PROVIDED MATERIAL:

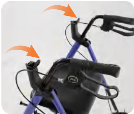
01 Open backrest fixer caps
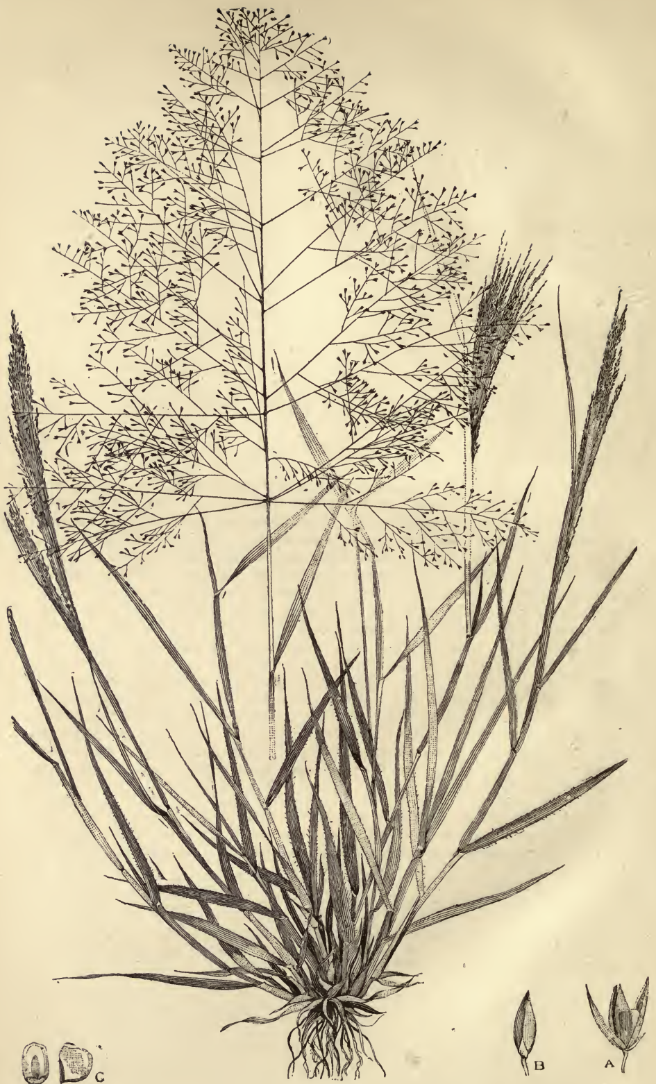
Sporobolus lindleyi , Benth. "Pretty Sporobolus."
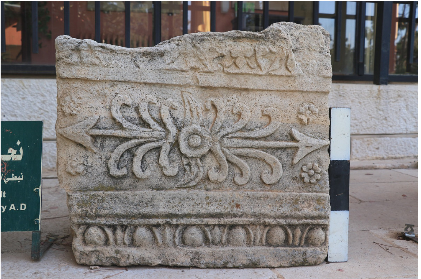
Figure 1a. The Nabataean Thunderbolt sculpture.

cause of weather factors, but it is now being cleaned. The Thunderbolt is believed to have been found within the threshold of the altar, which dates to the third period of the altar's construction to the first quarter of the first century CE. It is partially damaged and contains deposits of foreign material accumulated over time. The sculpture is 42–47 cm long, 53 cm wide, and 25 cm deep.
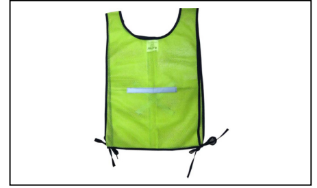
Product Code DVG Unit EACH Description DANGER VEST GREEN REFLECTOR AVAIL. IN: ORANGE
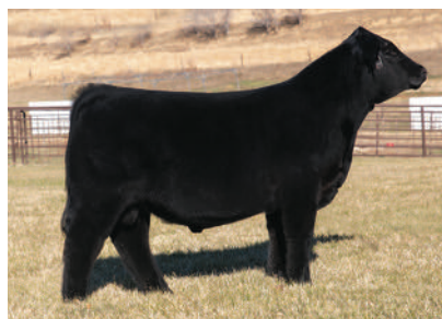
KLS SULL CHARMER ET
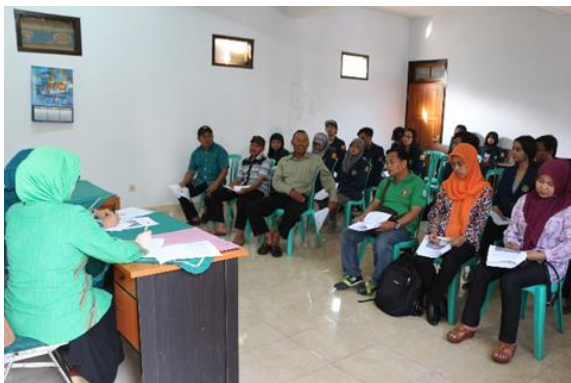
Figure 1. Gathering and Discussion on the BADAWIS program

In planning, a series of activities such as making an appointment with the contact person, preparing the modules and teaching materials are prepared at this stage. The activities are conducted by inviting the two parties namely, a group of tourism awareness consisting of the youths, and a group of senior villagers involving strawberry, apple, orange farmers and some homestay owners. Figure 1 shows the dissemination of the program attended by the two parties.
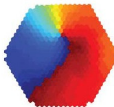
FIGURE 1. Tangential slices of rat occipital cortex, stained with NK3630 dye, change color (absorption) as the transmembrane potential of the neurons varies. Imaging was performed by a 464-element photodiode array at a rate of 1600 frames /s. The oscillations (4–12 Hz) were induced by perfusing slices with 100 mM carbachol and 10 mM bicuculline. The optical signal on each optical detector is a summation of depolarization/hyperpolarization of about 1000 neurons. The optical signal of the oscillations was about 0.01% of the resting light intensity. The signal on each detector is normalized to its own max-min and assigned to a color according to a linear color scale. The oscillations were organized spatially as propagating waves. Wave patterns shown in the movies (see bioopticsworld.com/articles/370602 ) were formed spontaneously.
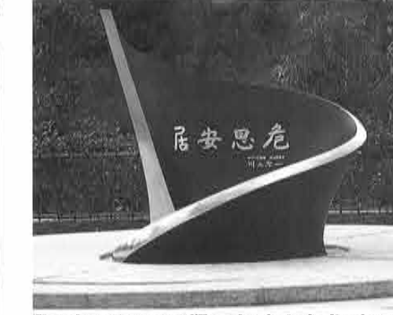
The characters say: "To relax is to invite danger; to be prepared is to prevent it."
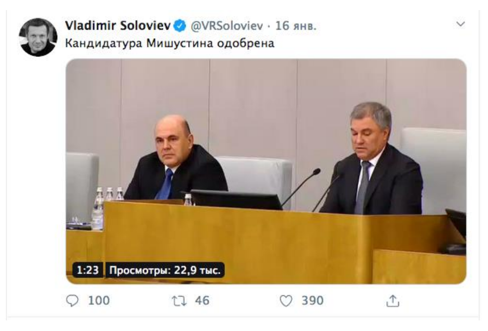
Figure 04. V. Soloviev's post on Twitter

Vladimir Solovyov also uses hyperlinks as a "side view": for example, the opinion of the "main Norwegian tax specialist" about Mishustin is shown. Thus, Soloviev shows an objective picture of what is happening.
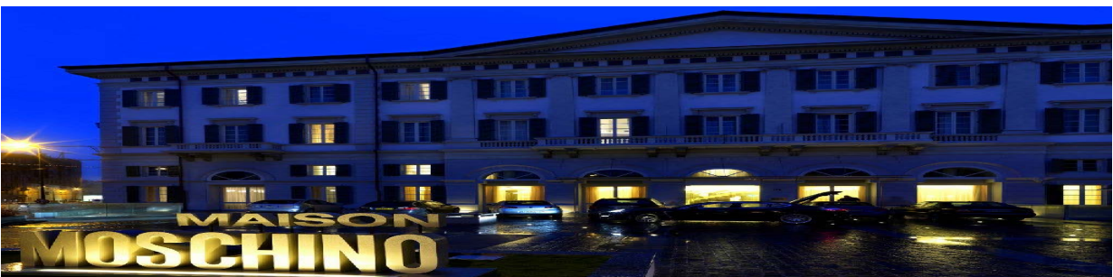
CLANDESTINO - MAISON MOSCHINO, MILANO. ITALY
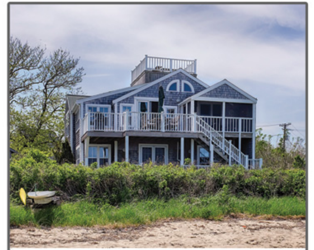
TOWN 26 Washington Street $5,895,000
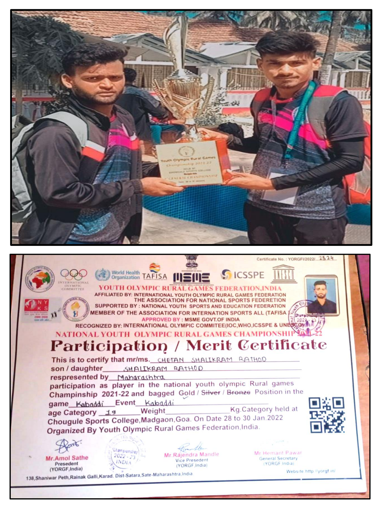
National level Gold Medal and Certificate in Kabbadi Organized by Youth Olympic Rural Games Federation, India
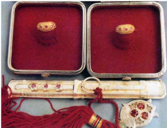
Triplets born in Korea receive a silver sword or a gold ring on which magnolia is carved.
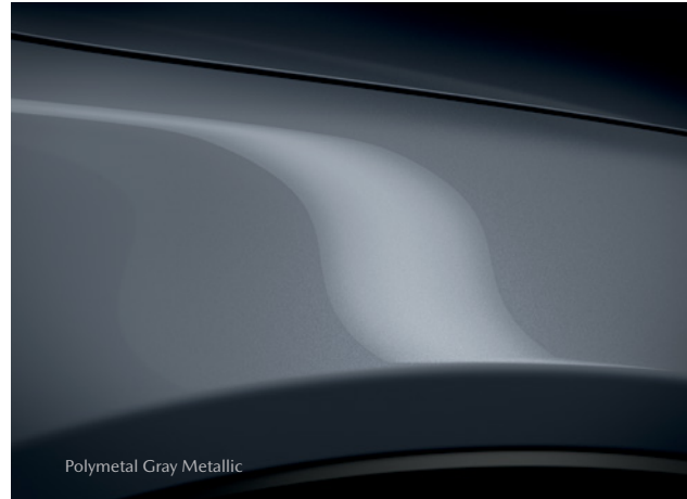
Polymetal Gray Metallic
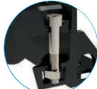
Locked CHC & Cage Nut
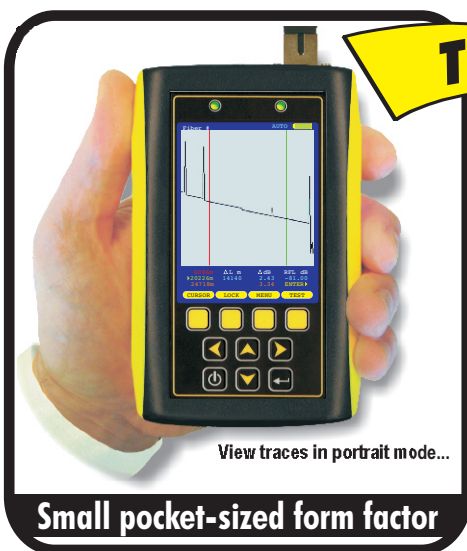
View traces in portrait mode...
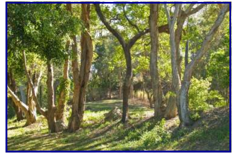
Sunny morning near Keith Boden Wetlands, Cressey St., Nundah
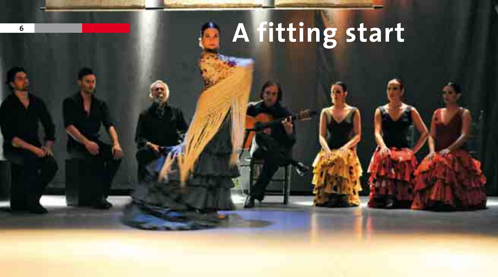
Flamenco dancers created a dramatic mood and local flavor to conclude the event in Madrid.
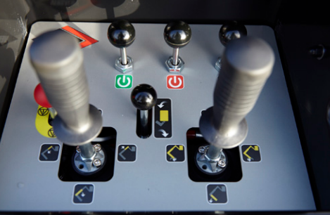
Full hydraulic controls
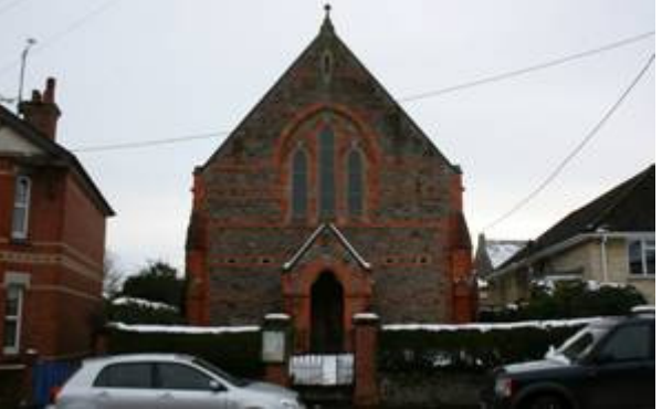
Figure 18: The Independent Chapel, Station Road.
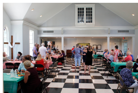
Food and Friends
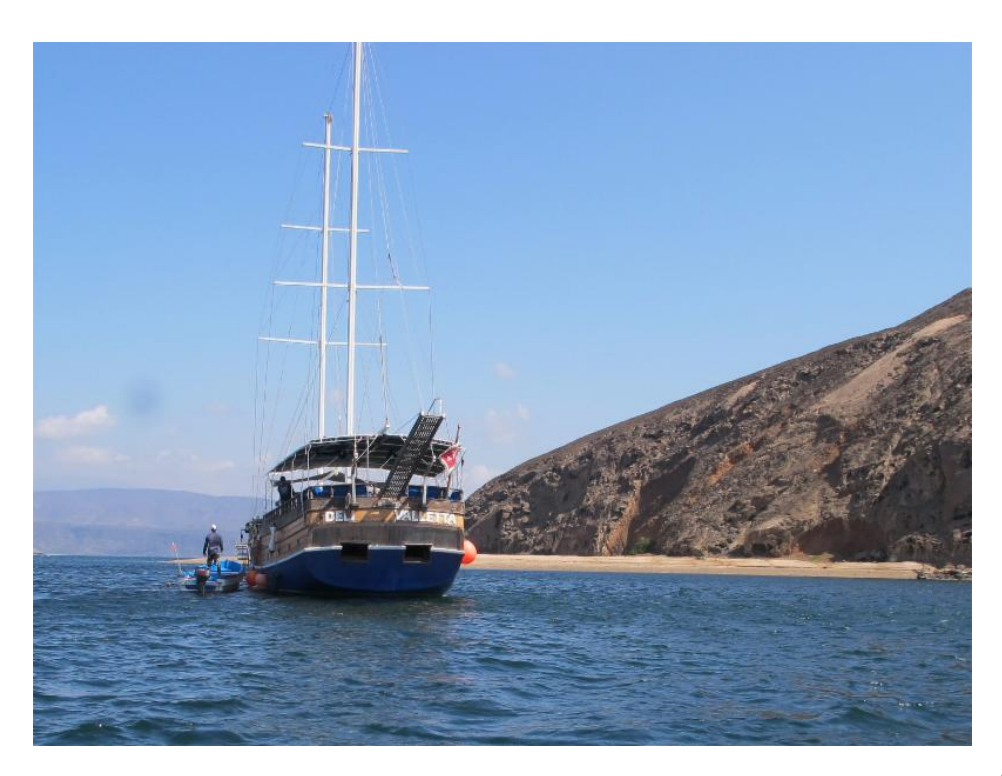
Live aboard this Turkish gulet while volunteering on a whale shark research study.

all visitors and increasing by 4 percentage points compared to 2016-2017. Australian, German and British visitors were the next most enthusiastic visitor nationalities, accounting for 11%, 7% and 7% respectively.
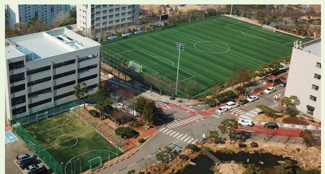
Soccer field and futsal field
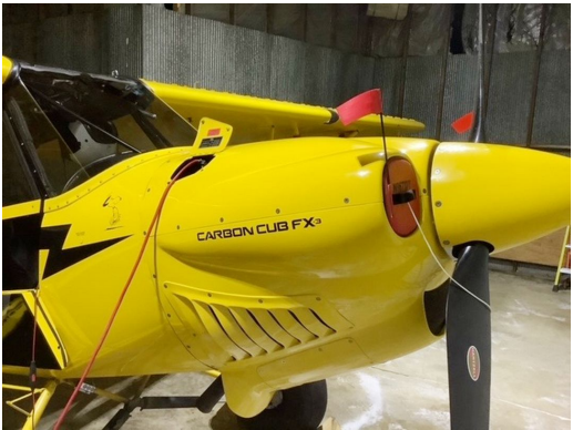
Cub Crafters CCX-2000 Engine Plugs
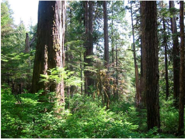
FIG 4. A productive old-growth hemlock spruce forest on Prince of Wales Island. Old-growth forests are uneven aged with multi-layered canopies and abundant plant communities on the forest floor. On well-drained soils such as those supporting this stand, old-growth forests support large-diameter trees and snags, which include cavities and structure used by flying squirrels for denning and resting. They are structurally complex and provide important habitat for flying squirrels. Western hemlock-Sitka spruce stands with large trees have high-density populations of flying squirrels.

densities were 56% higher in old growth hemlock-spruce (Smith and Nichols 2003, Smith et al. 2004). Flying squirrel densities increased with density of large trees (>29 in. [74 cm] diameter at breast height [dbh])
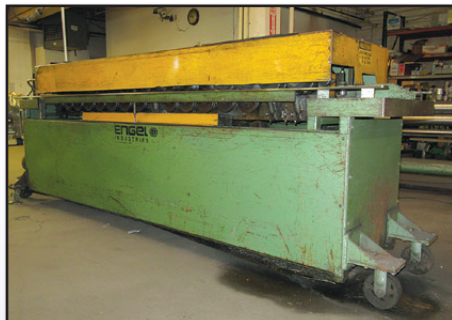
ENGEL M1640 ROLL FORMER

• PEXTO 30"x2" Pyramid Roll, 1/2HP, foot pedal control, table mounted. (NJ) • PEXTO 381D, 36"x22 GA Pyramid Roll, stand mounted. (PA) • Pneumatic C-Frame Punch, 5" center, table mounted. (PA)
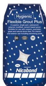
Nicobond Flexible Grout Plus
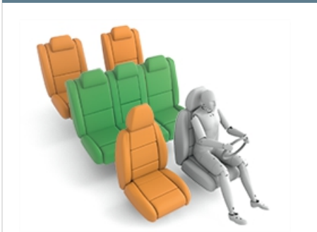
Maxi Cosi Cabriofix (Belt)
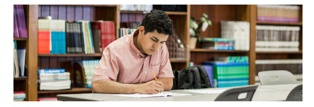
* 2023 Summer Learning Center term dates are: June 5 to July 21, 2023
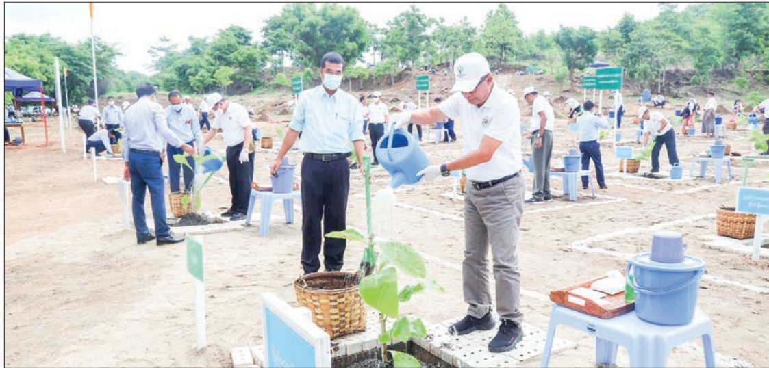
The MoALI monsoon tree-growing event is in progress in Nay Pyi Taw yesterday.

First, attendees added Rohu fingerlings, swamp barb
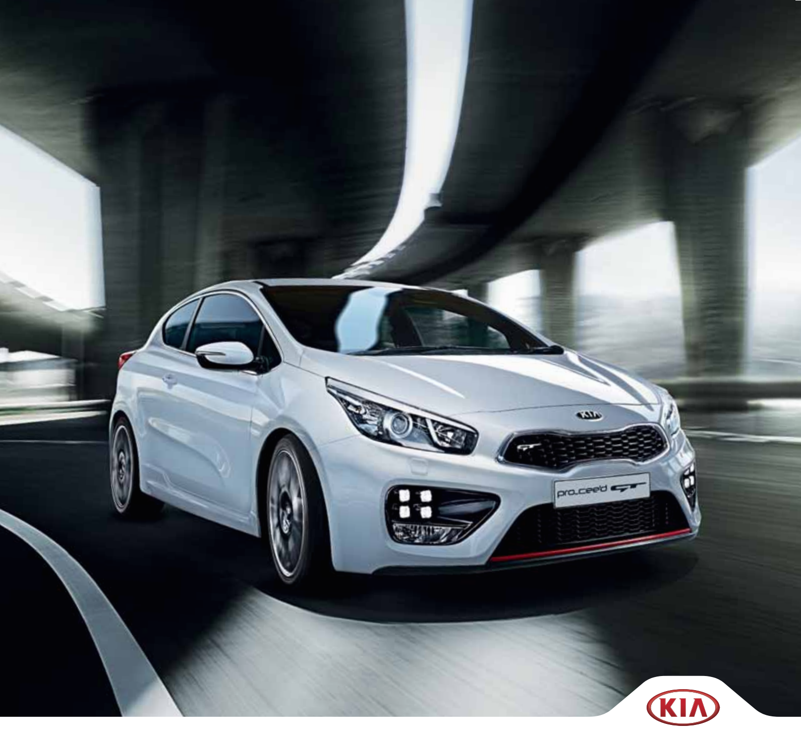
The Power to Surprise

ACTIVITY:
Your answer should be the exact lines above from the one with "Figure 1. Gathering" through the one with "In planning, a", both included, and nothing besides.

EXPECTED ANSWER:
Figure 1. Gathering and Discussion on the BADAWIS program

In planning, a series of activities such as making an appointment with the contact person, preparing the modules and teaching materials are prepared at this stage. The activities are conducted by inviting the two parties namely, a group of tourism awareness consisting of the youths, and a group of senior villagers involving strawberry, apple, orange farmers and some homestay owners. Figure 1 shows the dissemination of the program attended by the two parties.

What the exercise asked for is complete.